Я был напряжен, возможно — даже смешон. Живков говорил мало и непринужденно, как если бы мы просто болтали, но я знал, что он ничего не говорит просто так и наблюдает за всеми. Когда же я его наконец спросил, каковы мои задачи в Отечественном фронте, он ответил без всякого пафоса, что надеется, что я смогу внести побольше культуры в эту закостенелую систему. «Уничтожь шаблоны. Ты делаешь это, даже сам того не желая. Придай им немного уверенности в себе. Говорят, этого добра у тебя хватает. Когда немного вникнешь в проблематику, мы с тобой вернемся к нашему разговору». Мне показалось, что осталась некая недоговоренность, что-то такое, что ускользнуло в солнечную тишину гор. И это чувство не покидало меня многие годы. Возможно, мы приучены литературой (или же своей собственной душой), что все должно быть мотивировано судьбою…
Моя последняя встреча (не буду вмешиваться в Божий промысел!) с Тодором Живковым состоялась спустя 22 года.

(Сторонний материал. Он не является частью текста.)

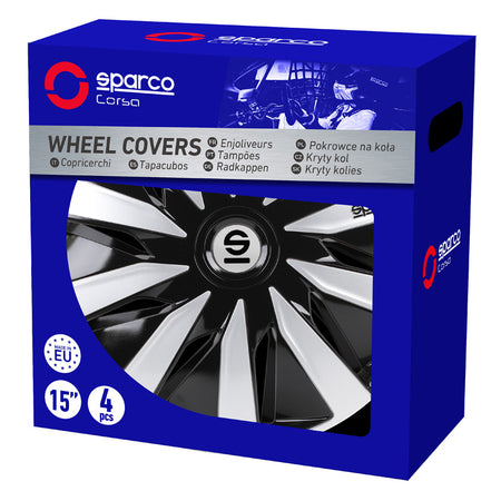 Sparco, Radzierblenden Lazio - 15-Zoll - Schwarz/Silber - Satz mit 4 Stück, ABS, Silber, Schwarz

Когда фонд Фернандо Риело удостоил меня всемирной награды за мистическую поэзию, я получил два неожиданных поздравления: от царя Симеона II — изгнанника — и от Тодора Живкова, бывшего генсека, сидящего под домашним арестом у подножия Витоши. «Из газет я узнал о том, что Вы получили награду. Меня особенно радует, что литературная премия стала поводом для того, чтобы о Болгарии заговорили в положительном контексте…» — писал мне царь. А Тодор Живков… На одном мероприятии журналистка Невена Шевалиева, которая работала над его мемуарами, передала мне устные поздравления и добавила, словно бы от себя:
— Неплохо бы тебе увидеться со стариком!
Такая деликатность была излишней. Я предложил ей договориться о моей встрече с Живковым. На беду, газеты назавтра сообщили, что ему предстоит переселение в Центральную тюрьму. То есть репортеры будут еще внимательнее следить за всеми передвижениями вокруг Бояны, надеясь обнародовать очередную сенсацию. А мне так не хотелось оказаться между молотом и наковальней. Журналисты и без того получили инструкцию бранить меня и выполняли ее с величайшим усердием. Несмотря на это, я все же пошел на встречу. Может, это был последний шанс увидеться с тем, кто четверть века оберегал мою голову.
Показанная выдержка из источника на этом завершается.